To a mixture of 2-amino-6- chlorobenzonitrile (500 mg, 3.3 mmol), sodium azide (4.3 mmol, 1.3 eq.), and triethylamine hydrochloride (4.3 mmol, 1.3 eq.) in a sealed tube, 8 mL of toluene was added. The tube was tightly capped and the reaction was stirred and heated to 1000C overnight. The mixture was cooled to room temperature, diluted with another 10 mL of toluene, transferred to a separatory funnel and washed with water (3 X 20 mL). The aqueous extractions were combined and acidified to a peta of 4 with concentrated etaCI. EPO The solid was collected by filtration, washed with acetonitrile, and dried under vacuum to afford 137 mg of 3-chloro-2-(lH-tetrazol-5-yl)aniline. MS (EI) for C7H6ClN5: 196 (M+H).

The synthetic route of 6575-11-7 has been constantly updated, and we look forward to future research findings.

Reference of 103146-26-5, These common heterocyclic compound, 103146-26-5, name is 4-(4-(Dimethylamino)-1-(4-fluorophenyl)-1-hydroxybutyl)-3-(hydroxymethyl)benzonitrile hydrobromide, its traditional synthetic route has been very mature, but the traditional synthetic route has various shortcomings, such as complicated route, low yield, poor purity, etc, below Introduce a new synthetic route.

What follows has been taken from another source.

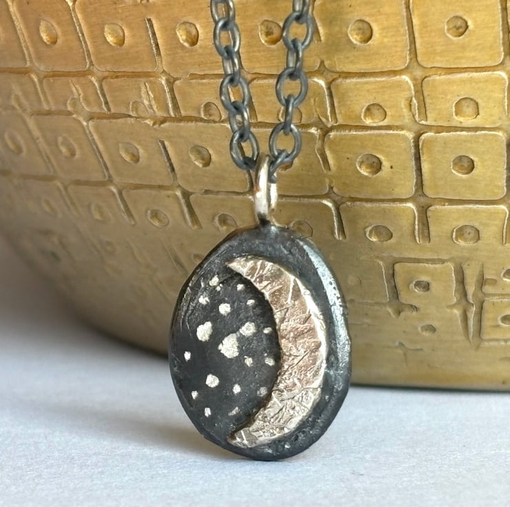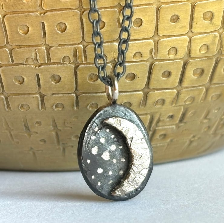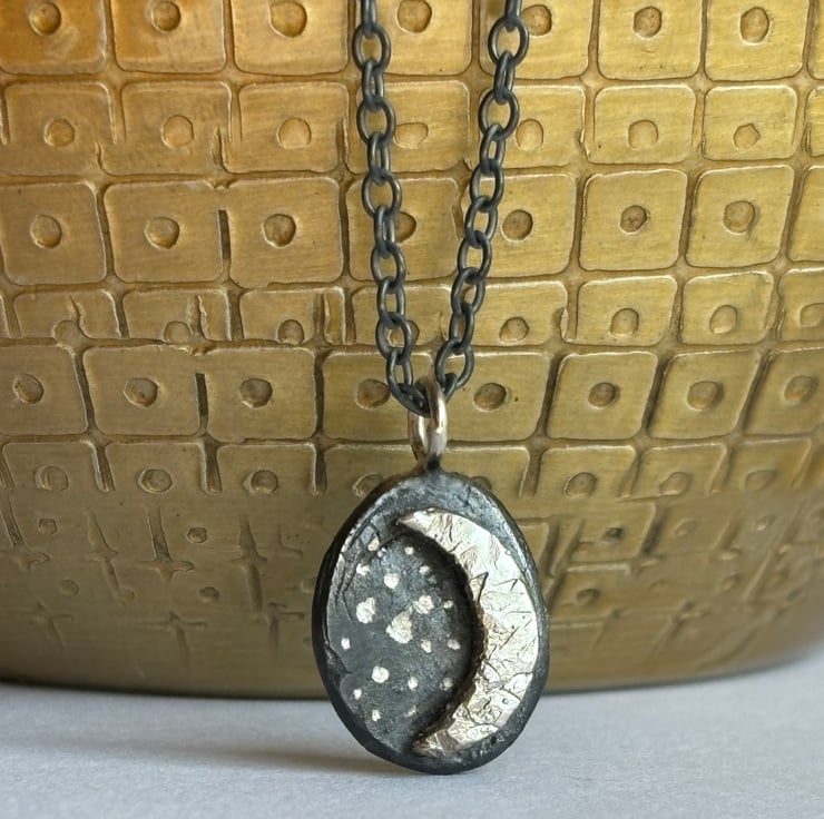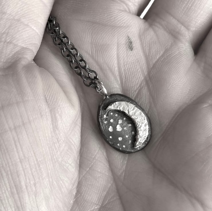 Perfect for the star gazer in your life this little necklace has been handcrafted from recycled sterling silver. Its oval textured shaped features a little crescent moon on one side and lots of little silver dots to represent the stars. The background is oxidised to a dark grey for contrast. This is hung from an 18 inch sterling silver chain which has been oxidised to a dark grey finish. Please note your pendant may vary very slightly from the image.

The hydrobromide salt of racemic 4-[4-(dimethylamino)-1-(4′-fluorophenyl)-1-hydroxy-butyl]-3-(hydroxymethyl)-benzonitrile (50 g) was placed into a round bottom flask. Ethyl acetate (125 mL) was added and the mixture was stirred at 25-35 C. Aqueous sodium carbonate solution (19 g in 125 mL water) was added and the mixture was stirred at about 25-35 C. for 20 minutes. The layers were separated. The aqueous layer was extracted with ethyl acetate (125 mL). The organic layers were combined and washed with water (125 mL) followed by 10% sodium chloride solution (125 mL). The organic layer was evaporated under reduced pressure.

The synthetic route of 103146-26-5 has been constantly updated, and we look forward to future research findings.